- **Data section**
-----

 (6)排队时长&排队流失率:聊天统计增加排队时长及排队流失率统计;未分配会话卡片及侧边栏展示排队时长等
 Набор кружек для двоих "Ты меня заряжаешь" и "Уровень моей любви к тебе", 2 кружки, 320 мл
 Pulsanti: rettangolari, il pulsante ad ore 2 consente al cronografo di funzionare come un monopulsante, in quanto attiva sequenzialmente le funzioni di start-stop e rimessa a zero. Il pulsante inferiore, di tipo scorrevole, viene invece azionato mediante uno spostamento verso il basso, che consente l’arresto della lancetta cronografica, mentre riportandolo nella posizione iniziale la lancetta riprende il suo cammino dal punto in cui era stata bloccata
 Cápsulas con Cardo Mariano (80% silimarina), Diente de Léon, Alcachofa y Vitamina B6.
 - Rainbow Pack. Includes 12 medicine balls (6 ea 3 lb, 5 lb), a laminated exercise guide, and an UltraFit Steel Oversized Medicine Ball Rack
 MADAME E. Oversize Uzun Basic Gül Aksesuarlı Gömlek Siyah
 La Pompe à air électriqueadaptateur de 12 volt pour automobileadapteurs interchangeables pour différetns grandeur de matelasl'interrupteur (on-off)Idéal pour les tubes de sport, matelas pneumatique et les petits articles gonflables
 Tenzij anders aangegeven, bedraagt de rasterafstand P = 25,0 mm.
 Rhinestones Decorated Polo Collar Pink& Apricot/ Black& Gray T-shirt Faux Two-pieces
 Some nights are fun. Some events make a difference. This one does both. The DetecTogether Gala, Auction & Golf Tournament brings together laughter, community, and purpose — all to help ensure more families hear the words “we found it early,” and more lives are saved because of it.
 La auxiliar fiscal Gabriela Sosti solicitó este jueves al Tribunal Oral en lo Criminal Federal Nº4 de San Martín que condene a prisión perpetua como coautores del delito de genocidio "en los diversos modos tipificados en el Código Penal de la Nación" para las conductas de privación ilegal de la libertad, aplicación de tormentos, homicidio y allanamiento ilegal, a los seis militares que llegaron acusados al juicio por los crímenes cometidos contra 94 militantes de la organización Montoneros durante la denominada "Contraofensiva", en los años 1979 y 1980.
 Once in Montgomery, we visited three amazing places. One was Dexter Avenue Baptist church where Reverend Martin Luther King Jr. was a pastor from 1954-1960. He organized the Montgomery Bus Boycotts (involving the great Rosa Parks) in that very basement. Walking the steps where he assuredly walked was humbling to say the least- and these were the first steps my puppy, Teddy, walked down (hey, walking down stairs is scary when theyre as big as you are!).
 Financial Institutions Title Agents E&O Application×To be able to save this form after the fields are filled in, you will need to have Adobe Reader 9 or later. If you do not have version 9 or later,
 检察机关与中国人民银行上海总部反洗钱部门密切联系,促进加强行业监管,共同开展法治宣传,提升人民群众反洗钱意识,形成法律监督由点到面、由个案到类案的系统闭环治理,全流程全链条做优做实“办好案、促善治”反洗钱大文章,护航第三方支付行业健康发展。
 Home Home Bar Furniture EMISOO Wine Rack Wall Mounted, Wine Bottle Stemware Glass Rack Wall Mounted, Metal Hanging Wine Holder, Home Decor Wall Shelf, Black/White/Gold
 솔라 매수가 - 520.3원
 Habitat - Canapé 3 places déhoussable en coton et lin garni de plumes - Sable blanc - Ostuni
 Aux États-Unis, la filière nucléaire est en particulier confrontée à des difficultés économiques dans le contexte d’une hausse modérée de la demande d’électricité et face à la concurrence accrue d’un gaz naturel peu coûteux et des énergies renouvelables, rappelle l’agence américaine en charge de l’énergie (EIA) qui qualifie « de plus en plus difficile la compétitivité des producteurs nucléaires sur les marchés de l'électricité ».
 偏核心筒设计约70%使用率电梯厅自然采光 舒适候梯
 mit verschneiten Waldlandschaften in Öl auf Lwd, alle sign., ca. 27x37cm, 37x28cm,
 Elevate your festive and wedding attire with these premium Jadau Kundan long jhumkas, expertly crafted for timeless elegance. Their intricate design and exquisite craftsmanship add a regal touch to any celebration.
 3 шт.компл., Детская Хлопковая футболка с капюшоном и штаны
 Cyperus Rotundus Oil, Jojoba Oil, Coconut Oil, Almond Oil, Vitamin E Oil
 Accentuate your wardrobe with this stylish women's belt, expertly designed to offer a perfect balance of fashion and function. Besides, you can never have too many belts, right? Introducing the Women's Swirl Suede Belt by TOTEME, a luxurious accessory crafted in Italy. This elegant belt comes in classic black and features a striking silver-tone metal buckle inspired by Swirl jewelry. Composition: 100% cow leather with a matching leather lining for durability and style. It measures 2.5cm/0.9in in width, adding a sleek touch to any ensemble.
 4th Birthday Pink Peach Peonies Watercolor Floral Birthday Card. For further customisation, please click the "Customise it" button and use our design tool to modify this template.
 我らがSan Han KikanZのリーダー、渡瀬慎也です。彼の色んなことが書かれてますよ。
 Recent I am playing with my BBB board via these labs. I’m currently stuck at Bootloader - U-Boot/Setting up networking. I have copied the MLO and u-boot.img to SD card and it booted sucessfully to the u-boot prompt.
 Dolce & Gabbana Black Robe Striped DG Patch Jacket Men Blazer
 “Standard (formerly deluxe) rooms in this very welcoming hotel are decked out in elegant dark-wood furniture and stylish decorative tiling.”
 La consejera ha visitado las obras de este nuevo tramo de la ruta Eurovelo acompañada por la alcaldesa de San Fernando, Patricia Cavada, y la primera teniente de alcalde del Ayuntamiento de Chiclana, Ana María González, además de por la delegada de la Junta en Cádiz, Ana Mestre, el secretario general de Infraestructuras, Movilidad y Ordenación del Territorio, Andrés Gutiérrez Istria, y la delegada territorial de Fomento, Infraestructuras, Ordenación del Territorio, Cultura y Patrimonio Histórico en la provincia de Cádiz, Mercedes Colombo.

-----

- **Exercise brief**
Return, with no change at all, every line in the entries above from the line containing "솔라 매수가 - 520.3원" through the line containing "Habitat - Canapé".

- **Answer section**
 솔라 매수가 - 520.3원
 Habitat - Canapé 3 places déhoussable en coton et lin garni de plumes - Sable blanc - Ostuni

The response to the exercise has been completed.